Fed move keeps the rally rolling for 10th dayStocks ended higher Thursday, extending the winning streak to a 10th day, as the U.S. Federal Reserve’s rate cut and hopes for progress in upcoming U.S.-China trade talks boosted market sentiment. The won fell against the dollar.
After choppy trading, the benchmark Kospi rose 9.62 points, or 0.46 percent, to close at 2,080.35. Trade volume was moderate at 484 million shares worth 4.6 trillion won ($3.9 billion), with losers outnumbering winners 473 to 340.
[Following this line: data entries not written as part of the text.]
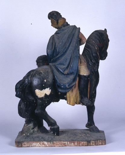 Ce groupe sculpté est clairement inspiré d'une gravure d'après Charles Le Brun. Une datation du 16e siècle est donc impossible, une datation du 17e siècle semble douteuse. Il date plus probablement des 18e et 19e siècles : importantes traces de réparations anciennes (cou et jambes du cheval), la tête du mendiant a très certainement été refaite par un sculpteur local.
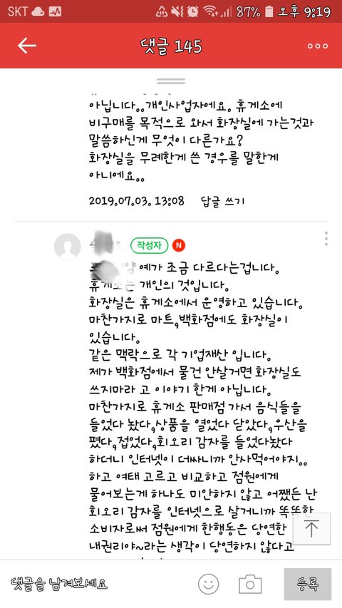 왠 휴게소 화장실 써라 말아라 하는 비유를 대는
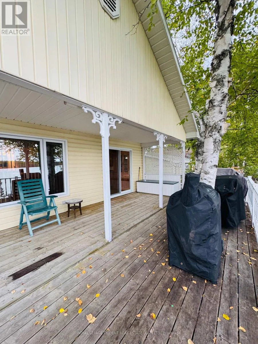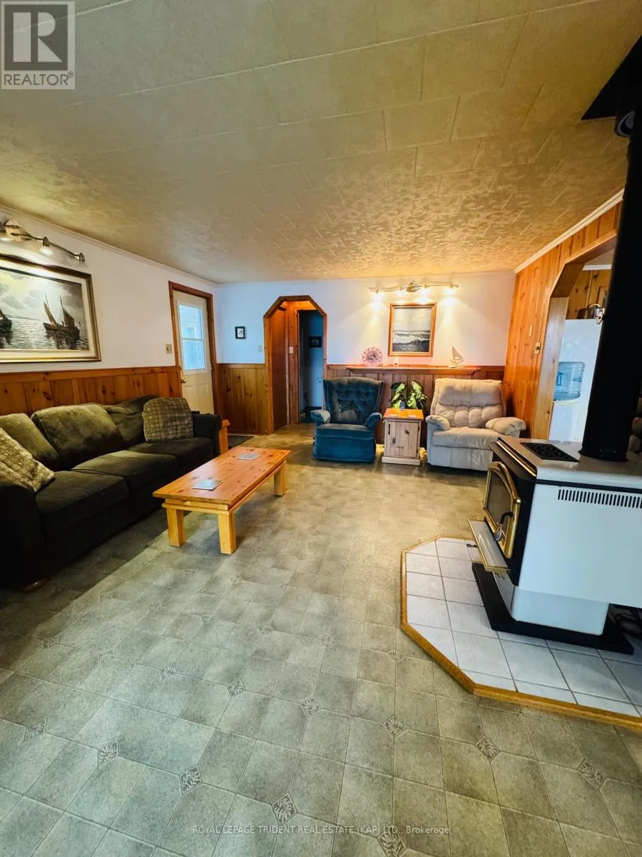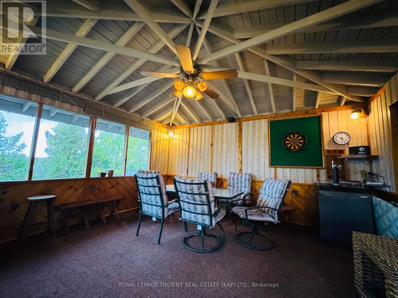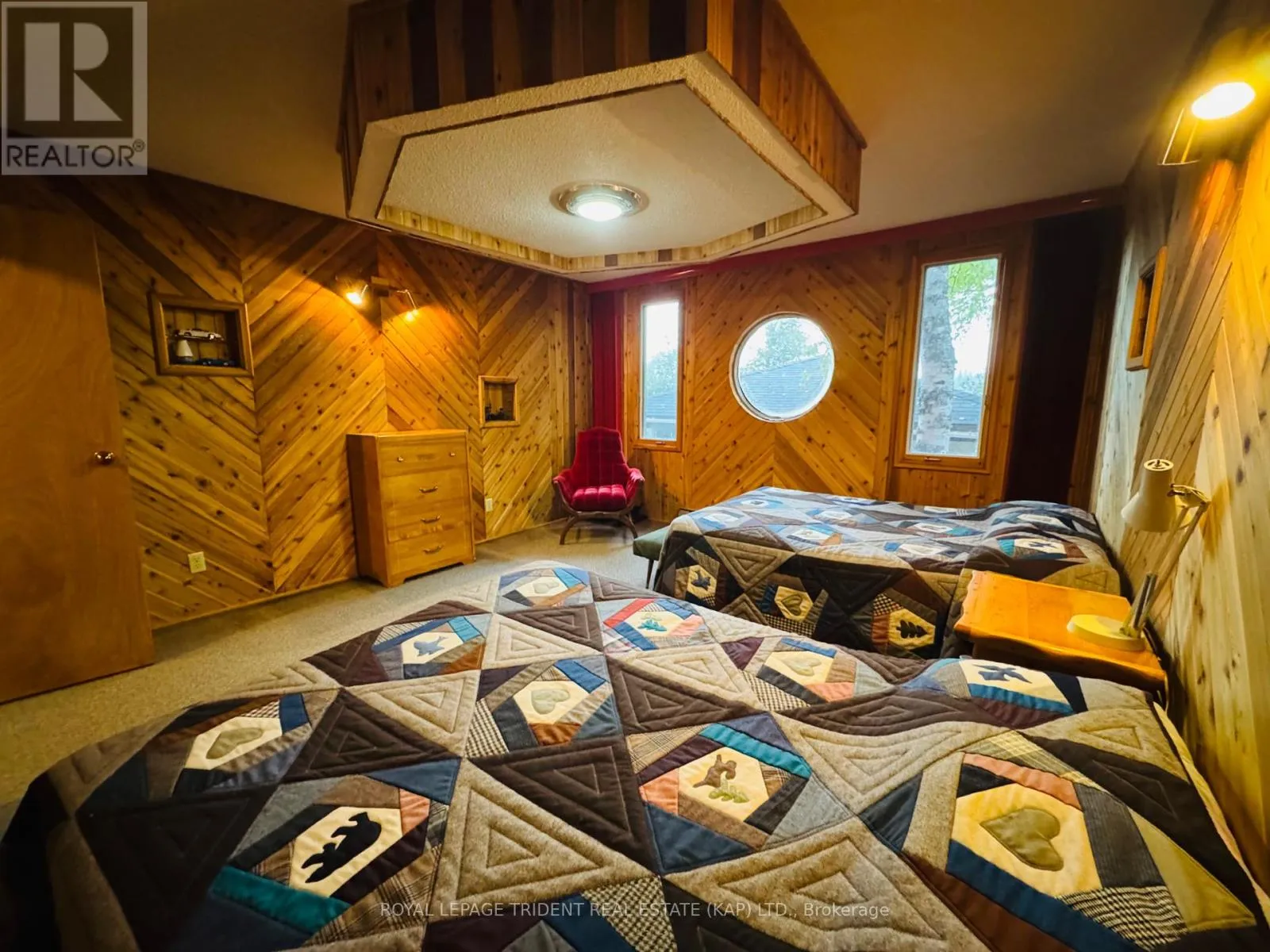 Cross Streets: Ouellette Bay Road & Lefebvre Peninsula Road. ** Directions: From Ouellette Bay Road, turn onto Lefebvre Peninsula. A true Northern Ontario waterfront gem on beautiful Remi Lake! This exceptional property offers a breathtaking panoramic view of the lake and boasts the best seat in the house for unforgettable sunsets. The main residence, built in 1979, is a cozy, fully insulated, year-round home featuring approximately 760 sq ft of living space with two bedrooms, one bathroom, and a bright open-concept kitchen and living area. The kitchen showcases oak cabinetry and a patio door leading to a large covered wrap-around deck overlooking the lake - perfect for morning coffee, BBQs, or watching the sunset. A wood fireplace adds warmth and charm, while abundant natural light enhances the inviting atmosphere. A secondary three-season guest dwelling offers flexible options for extended family, guests, or short-term rentals and includes a large bedroom, bathroom, cozy open-concept living area, woodstove, and electric heat. It is partly insulated and could easily be converted to four-season use. The propertys laundry facilities are located within this dwelling. Outdoor living here is truly special, featuring a 16 ft x 16 ft screened-in gazebo with electricity, custom winter panels, and a new roof (2024), a boathouse with an upper deck and power hookup accommodating up to a 16-foot boat, a dedicated firepit area, interlock driveway, and a spacious detached heated and insulated garage (24 ft x 36 ft) across the road with 12-foot ceilings and infrared heating. Additional highlights include a lake water system with three-stage filtration, separate hot water tanks for each dwelling, vinyl windows (2001), convect-air backup heaters, and an A/C wall unit in the main home. Whether youre seeking a peaceful year-round residence, a multi-generational family retreat, or an investment with rental potential, this property offers endless possibilities in a serene, private setting on one of Northern Ontario's most desirable lakes. ** This is a linked property.** (id:27476)
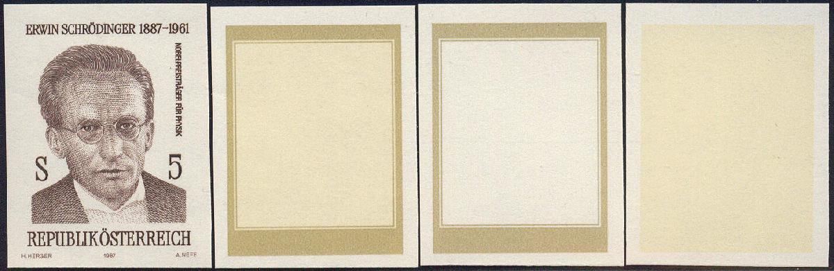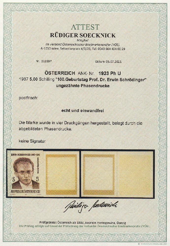 | Zusatzinformationen und Suchstichworte: | 11. Auktion Stilus Auktionstermin: 5. Juni 2022 Los 239 Österreich 2. Republik Österreich, 1987, ANK-Nr.: 1923 Ph U (Michel-Nr.: 1892), '100. Geb. von Prof. Dr. Erwin Schrödinger', 5 Schilling, ungezähnte Phasendrucke (4), postfrisch **, einwandfreie Erhaltung, Attest Soecknick VÖB Ausruf 100,00 EUR |

“Focus is now on the U.S.-China trade negotiations that are expected to resume in the coming weeks. As a working-level meeting is scheduled from Sept. 19-20, investors will be closely watching for any cues from the meeting,” Kiwoom Securities analyst Suh Sang-young said.
Foreigners bought a net 217 billion won worth of stocks, offsetting institutions and individual stock selling.
Technology stocks led market gains, with Samsung Electronics jumping 3.0 percent to 49,150 won, chipmaker SK Hynix climbing 3.1 percent to 82,700 won, Samsung SDI advancing 0.9 percent to 236,500 won and LG Display gaining 2.4 percent to 14,700 won.
In particular, chipmakers continued to strengthen, helped by rising chip demand and declining stockpiles of dynamic random access memory (DRAM) and NAND flash memory chips, mainly used in computers and smartphones to process and store data.
Kia Motors fell 0.7 percent to 43,550 won, and the country’s biggest auto parts maker Hyundai Mobis declined 1.6 percent to 245,500 won. Posco shed 1.9 percent to 233,500 won.
Refiners traded lower following the previous session’s gain. SK Innovation moved down 0.29 percent to end at 169,000 won and S-Oil, the third-largest oil refiner, lost 0.30 percent to end at 99,700 won.
The secondary Kosdaq rose 0.59 points, or 0.09 percent, to close at 645.71.
The local currency closed at 1,193.60 won against dollar, up 2.30 won from the previous session.
Bond prices, which move inversely to yields, were mixed. The yield on three-year bonds added 1.9 basis points to 1.329 percent, and the yield on 10-year bonds dropped 0.6 basis points to 1.79 percent.